Quand il s’agit de défendre son empire économique, Valve retrouve rapidement le sens de la formule. Poursuivie par l’État de New York pour promotion présumée de jeux d’argent illégaux via les loot boxes de Counter-Strike 2, Dota 2 et Team Fortress 2, l’entreprise a demandé au tribunal de rejeter la plainte avec un argument qui résume parfaitement l’industrie moderne : « les gens aiment les surprises. »
Dans son mémoire de défense (éléments juridiques consultables ici, pour les curieux), Valve affirme en effet que comparer les loot boxes au jeu d’argent serait “absurde” et qu’il faut plutôt comparer ses caisses virtuelles à des cartes de baseball ou à des sachets surprises, expliquant que les objets obtenus possèdent une « valeur subjective et esthétique. » Le problème, évidemment, est que ces « surprises » alimentent depuis des années un marché secondaire colossal où certains skins Counter-Strike s’échangent pour des milliers de dollars, chose que Valve sait parfaitement.
L’entreprise prélève d’ailleurs une commission sur chaque transaction réalisée via le Steam Community Market, tout en profitant indirectement d’un écosystème de revente externe qu’elle prétend régulièrement ne pas contrôler – on se rappelle qu’en 2023, les loot boxes ont rapporté à Valve environ un milliard de dollars… juste pour Counter-Strike: Global Offensive.
La plainte déposée par la procureure générale Letitia James accuse justement Valve d’avoir construit une économie qui « mime les mécanismes d’un casino » et ce, surtout auprès des mineurs. L’État de New York estime que les clés payantes permettant d’ouvrir les caisses fonctionnent comme des jetons de machines à sous numériques, sur le modèle du fameux « gambling » qui a fait couler tant d’encre il y a près de dix ans. On se rappelle ainsi d’Electronic Arts, qui a cumulé les plaintes en justice dans la foulée de la polémique sur Star Wars: Battlefront 2.

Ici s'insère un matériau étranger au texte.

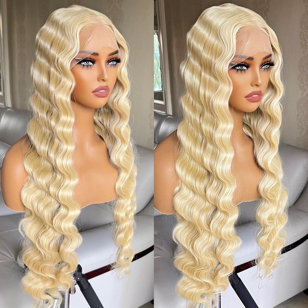 European and American wigs women's long front lace 613 golden wavy curly synthetic wigs cross-border manufacturers wholesale generation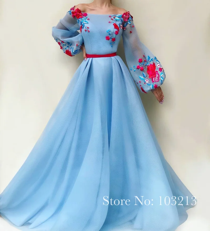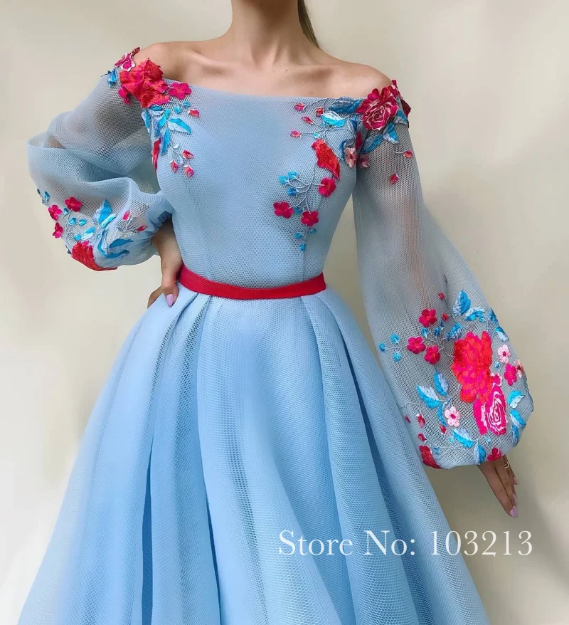 Новая модель средства ухода за кожей Шеи буфами на рукавах одежда с длинным рукавом платья для выпускного вечера элегантные трапециевидной формы светильник синего цвета с аппликацией и вышивкой платье торжественное мероприятие халаты с поясом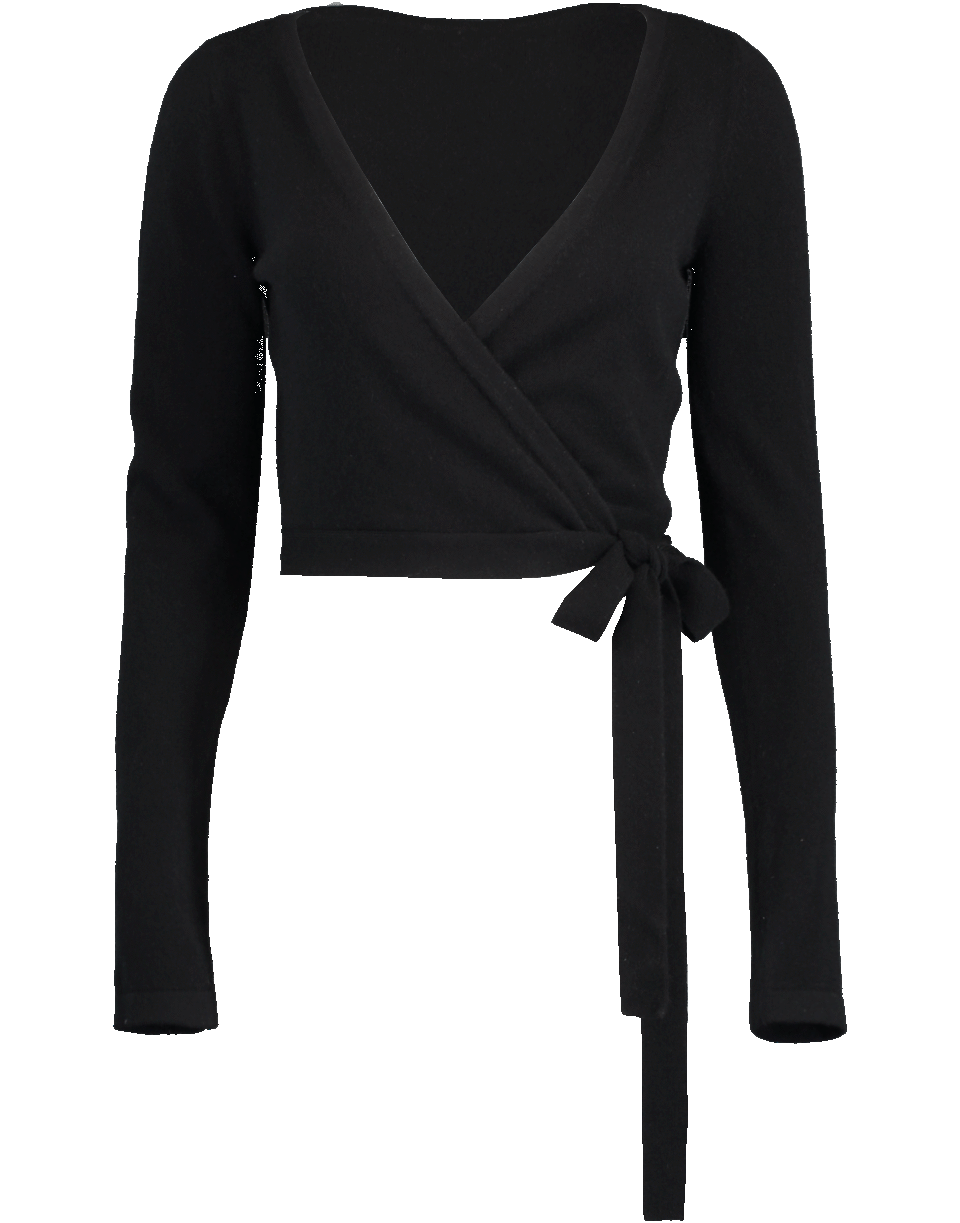 Black cashmere wrap top from Michael Kors featuring a fitted silhouette with a v-neck, long sleeves, and a tie fastening.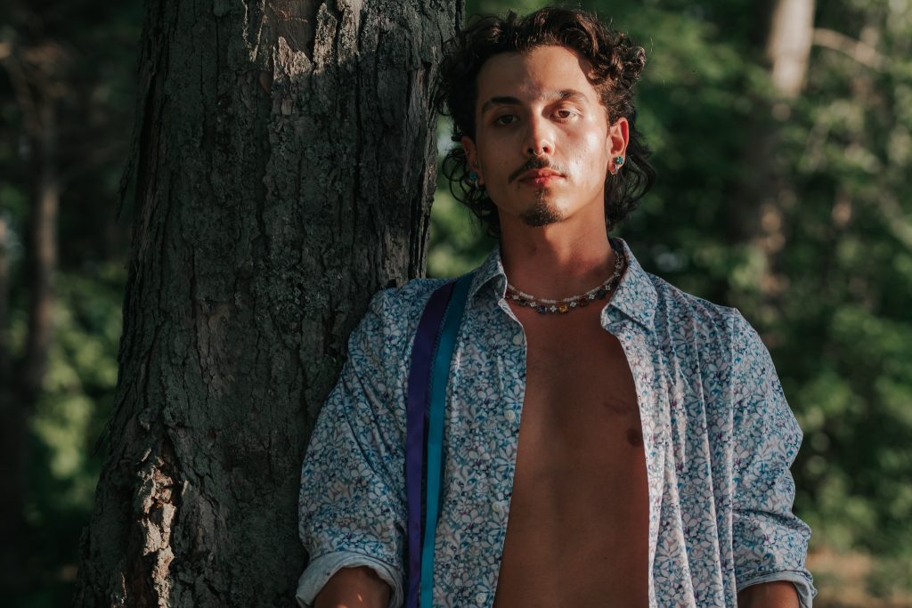 Diabo did this collaboration with photographer Samantha Wenniseriiostha Pepin, which had been a few months in the making. “She had reached out a few months ago to create something important, and what better way to show our support as allies to our two-spirit friends and family than by doing a shoot in Kahnesatake pines?”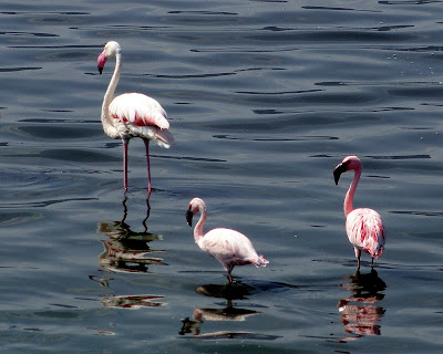 Then there are my beautiful flamingo friends. They are so graceful as they walk through the maji (water) to find algae and brine shrimp to eat. The big ones are called Greater Flamingos and their shorter brothers are called Lesser Flamingos. You can even tell by their beaks who’s who. The Greater Flamingos have pink beaks with black tips and the Lesser Flamingos have dark red beaks.
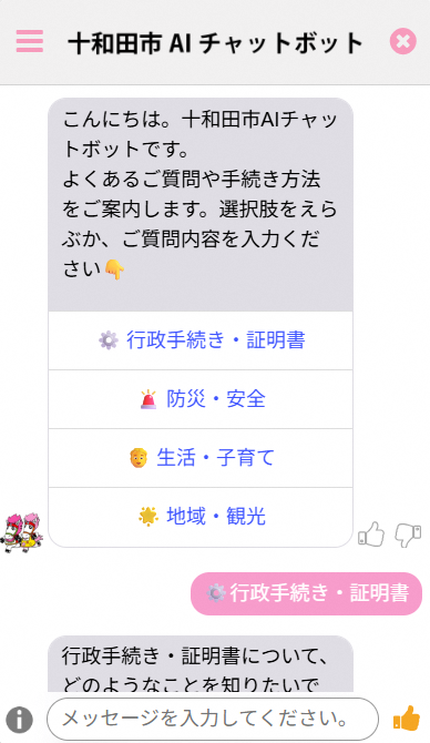 - 表示された選択肢の中から、聞きたい内容をクリックするか、下部の「メッセージを入力してください。」と書かれている部分に、質問内容を入力し、送信してください。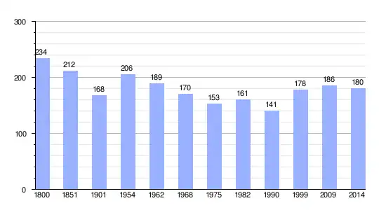 Los datos demográficos contemplados en este gráfico de la comuna de Saint-Loup-de-Fribois[4] se han cogido de 1800 a 1999 de la página francesa EHESS/Cassini, y los demás datos de la página del INSEE.[5]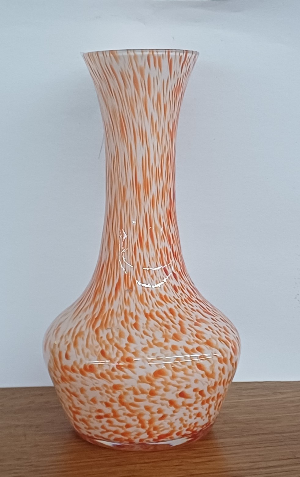 2. » VINTAGE HAND BLOWN ORANGE SPATTERED GLASS VASE

Ce qui rend l’affaire particulièrement révélatrice, c’est la position unique de Valve dans l’industrie PC. Steam reste de très loin la plateforme dominante du marché, au point que l’entreprise fait déjà face à plusieurs accusations de pratiques monopolistiques ; pourtant, derrière son image soigneusement entretenue de société pro-consommateur, Valve défend ici avec une étonnante agressivité l’un des systèmes de monétisation les plus controversés du jeu vidéo moderne. Car au fond, l’argument de Valve revient surtout à dire qu’un système cessera d’être assimilable au jeu d’argent tant qu’il reste suffisamment rentable – et suffisamment emballé dans l’esthétique familière du jeu vidéo. Une position difficile à vendre quand des adolescents dépensent des centaines d’euros pour obtenir des objets virtuels à probabilité infinitésimale.
Le plus ironique reste peut-être que Valve continue d’apparaître comme le « gentil » de l’industrie PC auprès d’une partie du public. Mais lorsqu’il s’agit de protéger une économie générant potentiellement des milliards, même le champion autoproclamé des joueurs adopte finalement les réflexes classiques des mastodontes qu’il prétend souvent ne pas être.